* [Problem statement]: Output the lines of the records exactly, from the first through the one containing "2 June 2018;". Omit all pictures.
--- START ---
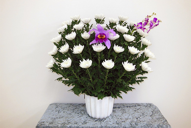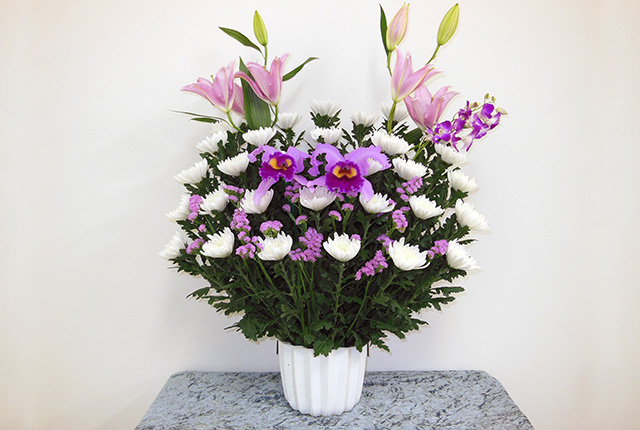 お花の種類や量などで15000円のものと20000円のものがございます。
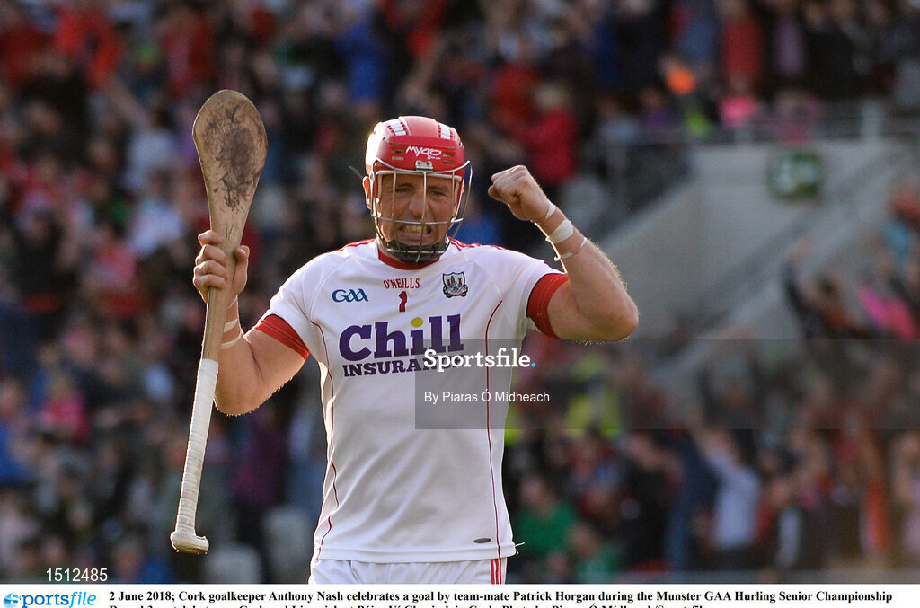 2 June 2018; Cork goalkeeper Anthony Nash celebrates a goal by team-mate Patrick Horgan during the Munster GAA Hurling Senior Championship Round 3 match between Cork and Limerick at Páirc Uí Chaoimh in Cork. Photo by Piaras Ó Mídheach/Sportsfile
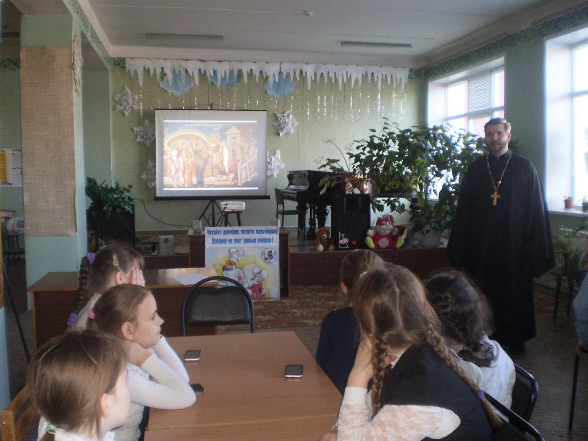 19 февраля 2019г. в МУК ЖМЦБ им. Н.Н.Ремизова иерей Александр Гольцов встретился с учениками третьего класса Жуковской школы №1 им. Н.С. Романова.
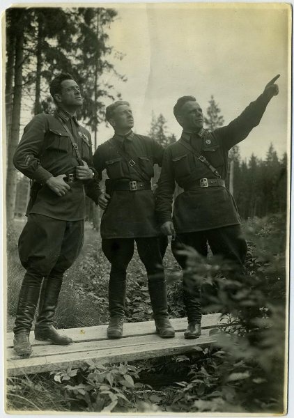 «У командного пункта. В это время 18 фашистских самолетов Ю-88 совершили бомбежку города Клин». Дата съемки: июнь - август 1941
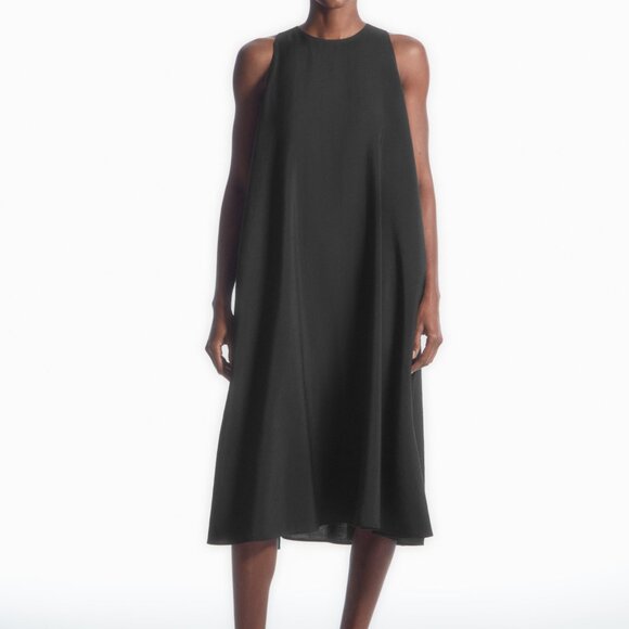 COS RACER-NECK SLEEVELESS SIDE-SEAM POCKETS MIDI BLACK MODAL-BLEND DRESS US 6
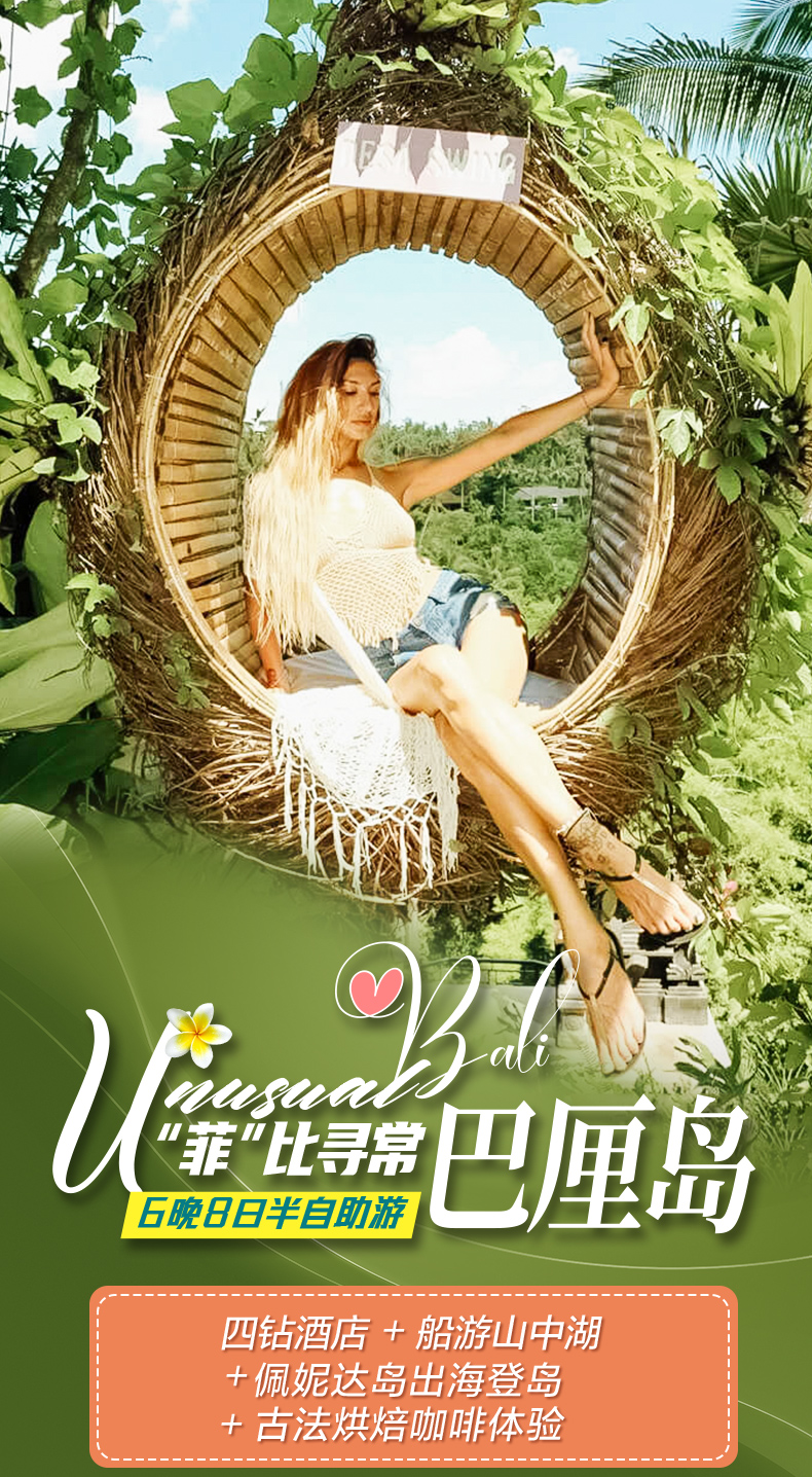 【菲比寻常】巴厘岛6晚6-8日半自助游【2人起订/随订随走/特色船游山中湖/体验咖啡制作过程/佩妮达岛出海/网红云梯+鸟巢/】
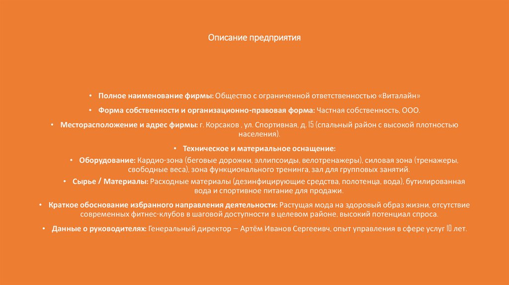 • Данные о руководителях: Генеральный директор — Артём Иванов Сергееивч, опыт управления в сфере услуг 10 лет.
--- END ---
* [Result of the task]:
 お花の種類や量などで15000円のものと20000円のものがございます。
 2 June 2018; Cork goalkeeper Anthony Nash celebrates a goal by team-mate Patrick Horgan during the Munster GAA Hurling Senior Championship Round 3 match between Cork and Limerick at Páirc Uí Chaoimh in Cork. Photo by Piaras Ó Mídheach/Sportsfile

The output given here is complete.